The exact, current code list per scanner lives in each repository's README catalog and in the skill's reference.md. This table groups those published codes by failure mode; it does not invent new ones. Where a code maps to more than one family (a code can be both "never runs" and "weak"), it is listed under the family that names its primary mechanism.

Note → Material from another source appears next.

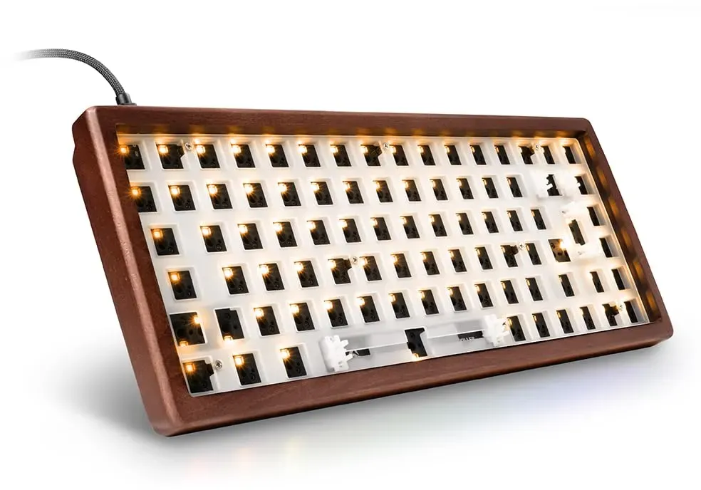Sharkoon - EAN: 4044951042685 - Kompaktes Layout bei vollen Freiheiten und einer Optik, die beeindruckt: Die Sharkoon SKILLER SGK50 S3 Wood in der Barebone-Version besitzt die gleichen technischen Vorzüge wie der Rest der S3-Serie, darunter ein PCB, das ein schnelles Wechseln von Schaltern ermöglicht, oder die vollständige Konfiguration der Tastatur mittels VIA und QMK. Der 75-%-Formfaktor mit 84 bzw. 85 Tasten richtet sich speziell an Gamer, die gerne mehr Platz auf dem Schreibtisch möchten, aber nicht auf Funktionalität verzichten wollen. Neben der stilvollen Holzoptik der Wood-Serie, kommt die Barebone-Variante für Entschlossene aber komplett ohne vorinstallierte Schalter und Tastenkappen. So lässt sie sich ganz einfach mit Schaltern nach Wahl mit 3 und 5 Pins nutzen. Selbstverständlich sind die nötigen Werkzeuge zum Wechseln schon dabei. Damit die SKILLER SGK50 S3 Wood Barebone genauso gut klingt, wie sie aussieht, ist eine Positionierungsplatte aus Polycarbonat und eine doppellagige Silikondämpfung für einen satten, dumpfen Klang ohne schrille Störgeräusche verbaut. Zudem verfügt sie über eine bezaubernde RGB-Beleuchtung und ein abnehmbares Spiralkabel für eine einzigartigen Optik, die alle Blicke auf sich zieht. - bei alternate.de - aus Yadore Produktdaten Eine weitere Option für die S4 Wood PBT mit 60% DE-Layout, die durch ihr kompaktes Design überzeugt. ![]() ![]()

What is and is not counted per family

  • F1, F2, F3 are fully static and saturated: a per-file parser proves them with no false negatives inside its rules. The scanner READMEs list every id.
  • F4 is counted only for the slice a parser can reach (a string-format comparison, a discarded metric). The contradicts-the-spec core is semantic and lives in the skill (case 18); it is not a static count.
  • F5 has two slices: the per-file slice (a test not collected, a non-strict xfail) counted in the scanner codes, and the project slice (PL1, PL2, PL7, PL8, PL9, PL10, read by --config-audit) counted separately. The runtime slice (a collection error reported as "0 tests") is documented, not a code.
  • F6 is counted only as static proxies (C16 for uncontrolled time/randomness, C23 for a hard-coded path). Whether a test is flaky in practice needs runtime and is out of band, so it is not counted here.
  • F7 is the semantic family. Only C14 (a snapshot generated from the code's own output) is a static code; the rest (mocking the unit under test, re-implementing the formula, borrowed state) are skill cases and are confirmed with mutation testing, which the skill never runs itself. They are listed, not counted as static coverage.
  • F8 is not false-green. The diagnostic codes are off by default, and dedicated linters (ruff, ESLint, Robocop) cover the same ground. They are surfaced on request, not promised as detection.

Why this is the honest framing

A coverage claim is only meaningful against a named denominator. The percentage of the catalog the family detects is reported against the false-green slice, not the whole 517, and that number ships with the study. This page stops at what the public code proves: which codes exist per family, where the code is, and which layer owns each mode. The boundary in the scope page and the cross-walk in the denominator page say what stays out and why.